Weather has been nearly ideal, and it's propelling this crop to higher and higher yield estimates by Pro Ag's yield models for corn and soybeans as it remains warmer than normal across the Corn Belt for the next seven days, and intermittent rain showers continue to bless grain growers. The next seven days will bring .5 to 2 inches, locally 3- to 4-inch rains across 85% of the Corn Belt, including the HRW wheat area and most of the Delta that will finish this crop with ample moisture nearly everywhere. It will also remain warm and wet for the 8- to 14-day forecast as well, also perfect weather to finish off this mammoth crop with ideal conditions.
Already, the Pro Farmer tour is outdated as the crop is improving rapidly now to finish off the season. The crop conditions improved 1% in corn to 73% G/E yesterday and declined 1% in soybeans to 70% G/E, but the yield models in both crops continued to rise rapidly. Corn is now the highest rated it has been since the massive crop of 1994, with soybeans the highest rated crop ever in 29 years. This is truly a mammoth crop! The Pro Ag corn yield model rose 2.3 bushels per acre to 173.8 bushels an acre, with the soybean yield model rising 0.41 bushels per acre to 47 bushels per acre. It's likely that this crop will not only shatter yield records, but will shatter them with a once-in-decades record!
The crop is also developing nicely, with corn now at 83% dough stage vs. 78% normally, and 35% dented vs. 43% normally. Soybeans are slightly ahead of normal pace with 90% setting pods vs. 89% normally. Cotton conditions rose 1% yesterday to 51% G/E, with development at normal levels at 19% bolls opening vs. 18% normally. Sorghum conditions declined 1% to 58% G/E, with 86% headed (vs. 85% normally), 52% coloring (vs. 44% normally), and 34% mature (vs. 27% normally). Rice conditions were steady at 74% G/E, with 11% harvested vs. 17% normally.
HRS wheat is only 27% harvested vs. 49% normally, with only 10% harvested last week during what was a wet week in HRS wheat country. However, weather will be clearing most of this week, and it's expected that harvest will be rapid. HRS wheat conditions declined 2% to 66% G/E due to the rain delays in harvest this week. Oats are 74% harvested vs. 86% normally. Barley is 43% harvested vs. 50% normally, with the rating dropping a large 6% to 56% G/E due to the rain delays and the quality damage that it can produce in barley.
Overall, we have a mammoth corn and soybean crop on the way, with corn approaching 174 bushels per acre and soybeans at 47 bushels per acre and rising. HRS wheat and barley are declining in condition due to quality concerns, but the crop is also a good one if we can just get it harvested.
We have rehedged all grains recently, remaining 100% hedged for multiple years as the trend is down and we are going to have record-shattering, mammoth large yields of grains in 2014. We may have to revise lower our objectives of expected lows under $9 soybeans and $3.30 corn during harvest. In fact, the next targets are about $9.40 lows soybeans and $3.30 corn, but the targets becoming more likely to be hit are $8.40 soybeans and $3.05 corn for lows if we keep adding bushels to this year's crop, and frost stays away this fall until crop maturity.

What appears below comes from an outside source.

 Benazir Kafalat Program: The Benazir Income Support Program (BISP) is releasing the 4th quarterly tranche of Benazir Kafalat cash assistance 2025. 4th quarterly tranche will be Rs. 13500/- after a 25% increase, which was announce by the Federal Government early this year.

They are surprisingly low prices we are forecasting at $8.40 Nov. soybeans and $3.05 Dec corn for the lows (likely around the January final crop report), but we need to take prices low enough to attract demand to get rid of this mammoth crop, and limit supply increases in 2015 with very low prices until spring planting is completed. It's likely we will make multiple year lows (like for the next three years) this winter and into spring.

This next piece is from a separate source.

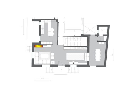 - Desde la ventana del área de la chimenea hasta la sala de estar, las escaleras son de 10,5 m.

It should be a long, slow low formed after this massive crop, with corn and soybean prices likely to form a bowl bottom on the three-year lows made this late fall/winter. There will be plenty of time to buy it at or near the lows, as it could take three months or more to form the bottom. There will be a lot of lamenting about how low prices will get this coming year, especially among those who did not hedge heavily. This will be a great time for buyers of grains to buy up multiple years of grain sometime from January to April 2015.